_Provided data_
-*-
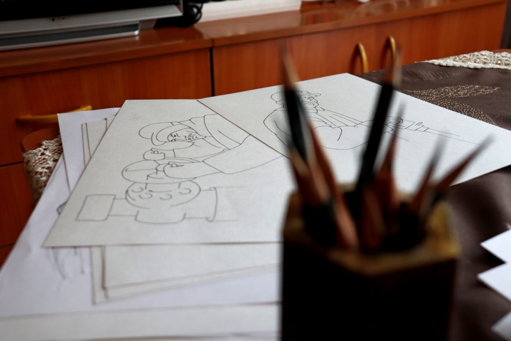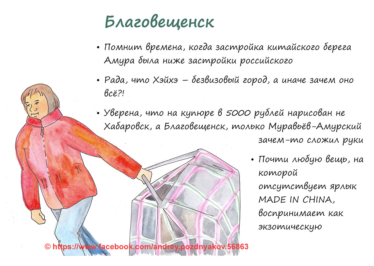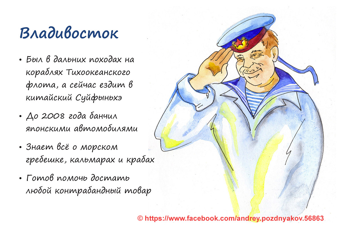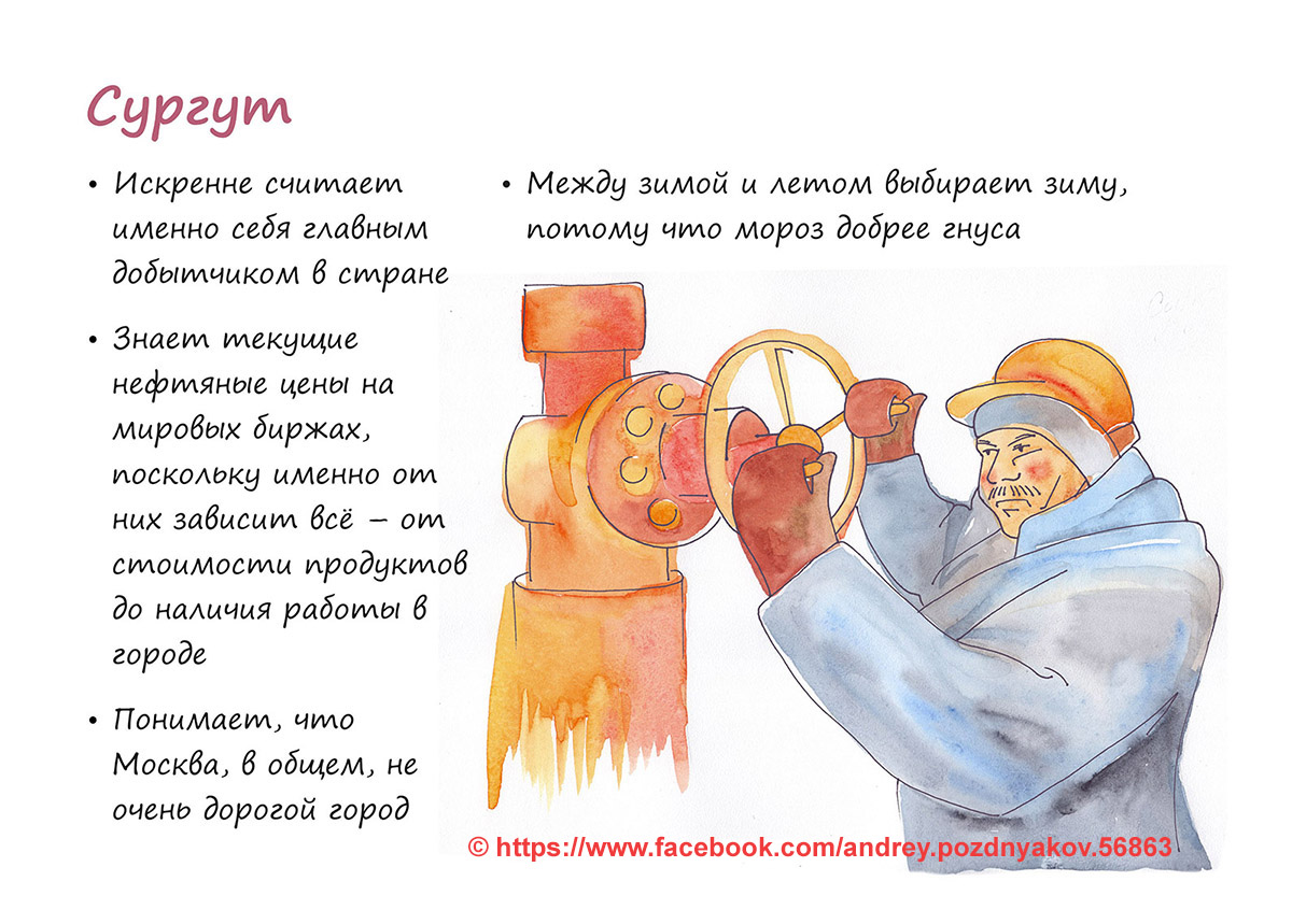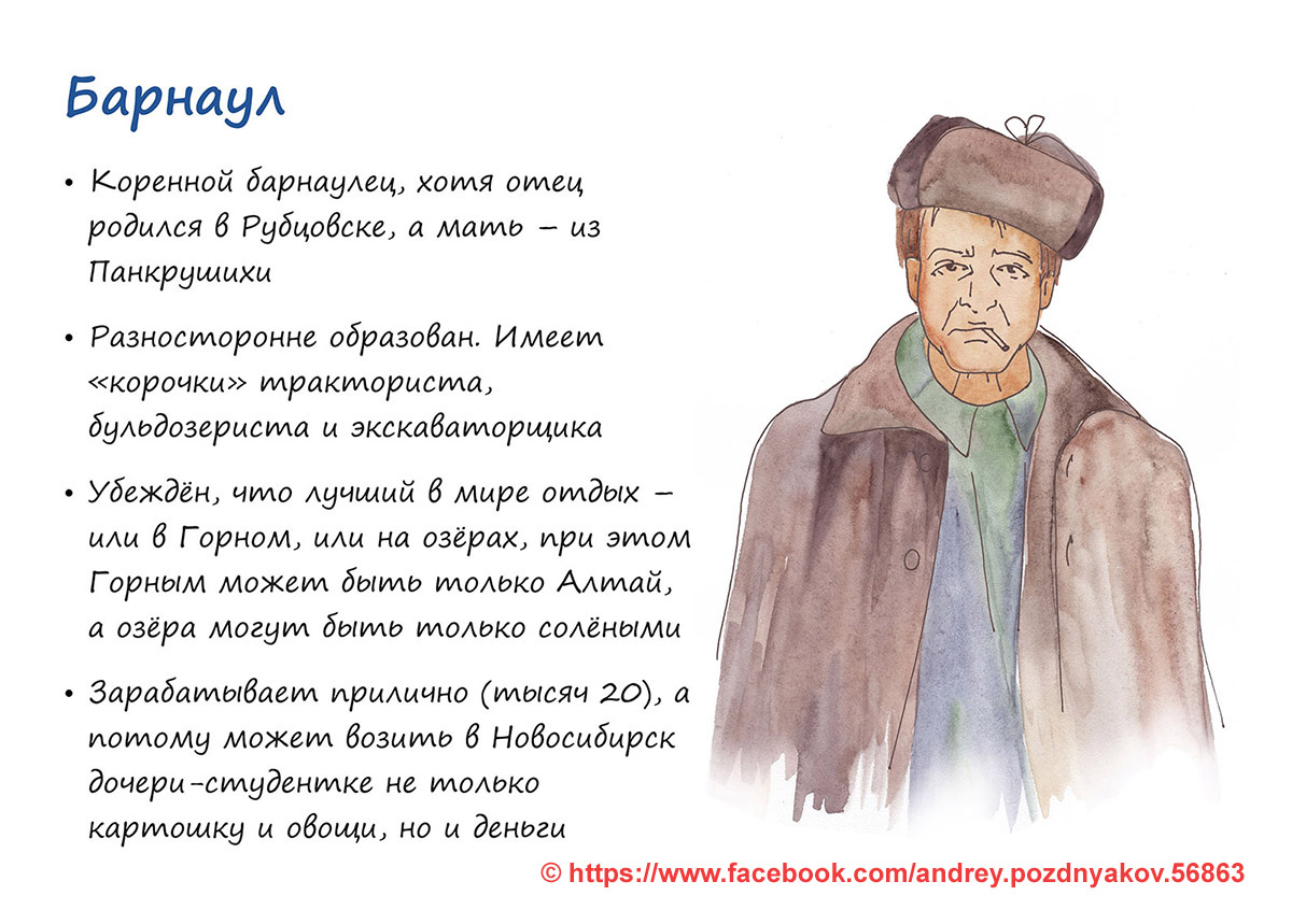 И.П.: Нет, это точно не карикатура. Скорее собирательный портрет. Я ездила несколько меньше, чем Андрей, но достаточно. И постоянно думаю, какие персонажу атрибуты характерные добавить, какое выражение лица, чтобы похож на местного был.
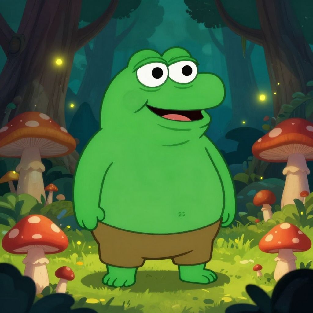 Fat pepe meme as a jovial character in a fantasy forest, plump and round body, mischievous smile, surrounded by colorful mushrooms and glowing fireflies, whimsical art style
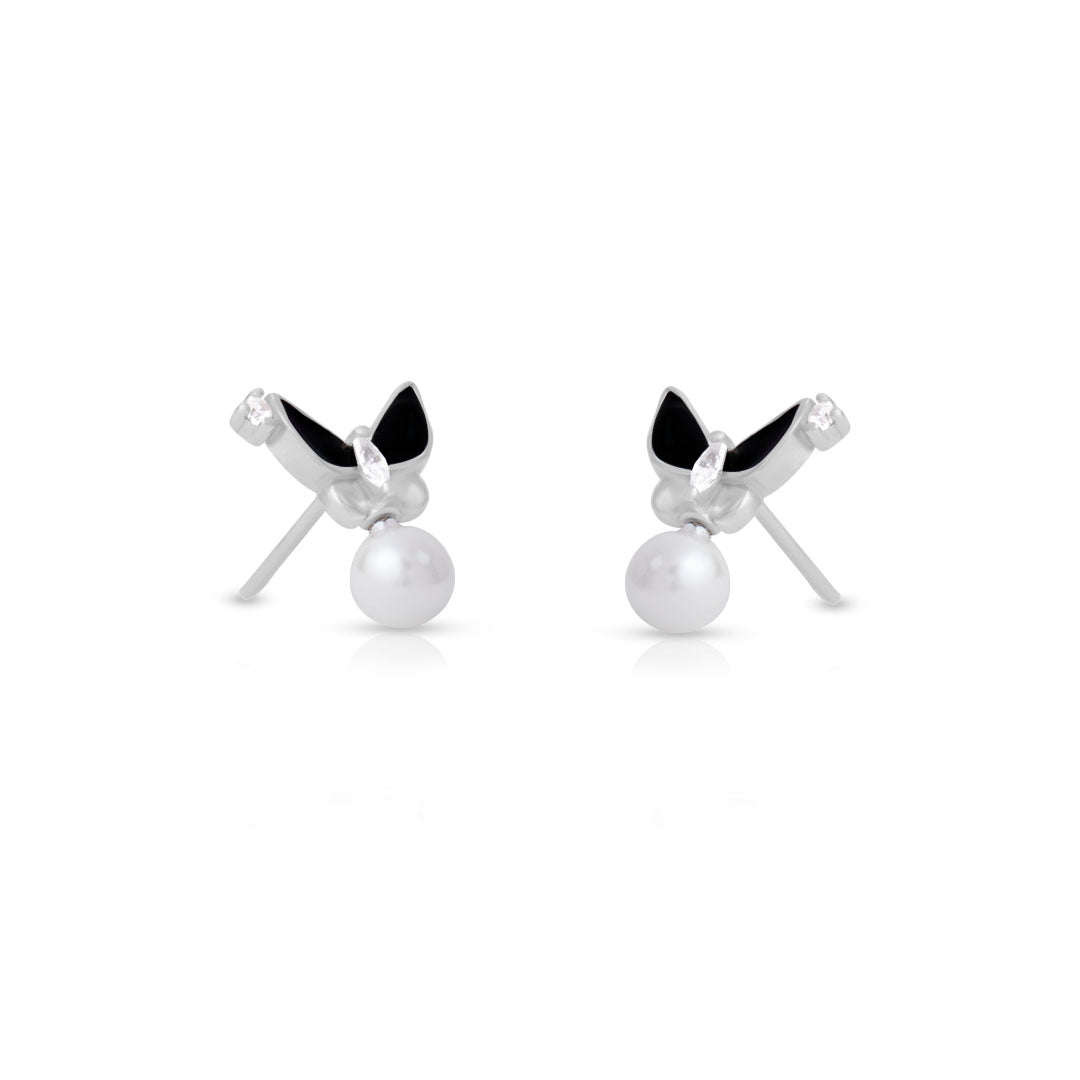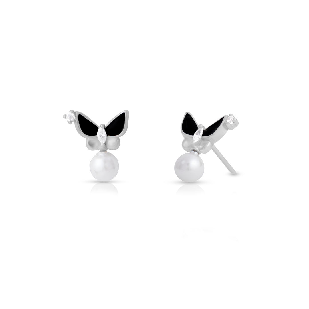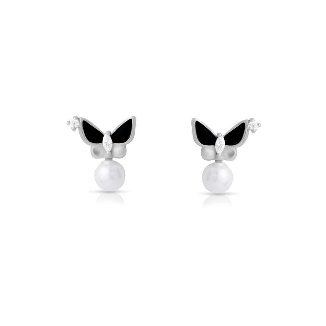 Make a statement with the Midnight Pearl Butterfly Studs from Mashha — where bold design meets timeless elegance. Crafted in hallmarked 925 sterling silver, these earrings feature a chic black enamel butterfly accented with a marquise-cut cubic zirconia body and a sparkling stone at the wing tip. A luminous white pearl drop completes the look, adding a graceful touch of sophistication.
-*-
_Directions for this task_
Print out all the material above exactly as it appears, omitting the images.

_Written answer_
 И.П.: Нет, это точно не карикатура. Скорее собирательный портрет. Я ездила несколько меньше, чем Андрей, но достаточно. И постоянно думаю, какие персонажу атрибуты характерные добавить, какое выражение лица, чтобы похож на местного был.
 Fat pepe meme as a jovial character in a fantasy forest, plump and round body, mischievous smile, surrounded by colorful mushrooms and glowing fireflies, whimsical art style
 Make a statement with the Midnight Pearl Butterfly Studs from Mashha — where bold design meets timeless elegance. Crafted in hallmarked 925 sterling silver, these earrings feature a chic black enamel butterfly accented with a marquise-cut cubic zirconia body and a sparkling stone at the wing tip. A luminous white pearl drop completes the look, adding a graceful touch of sophistication.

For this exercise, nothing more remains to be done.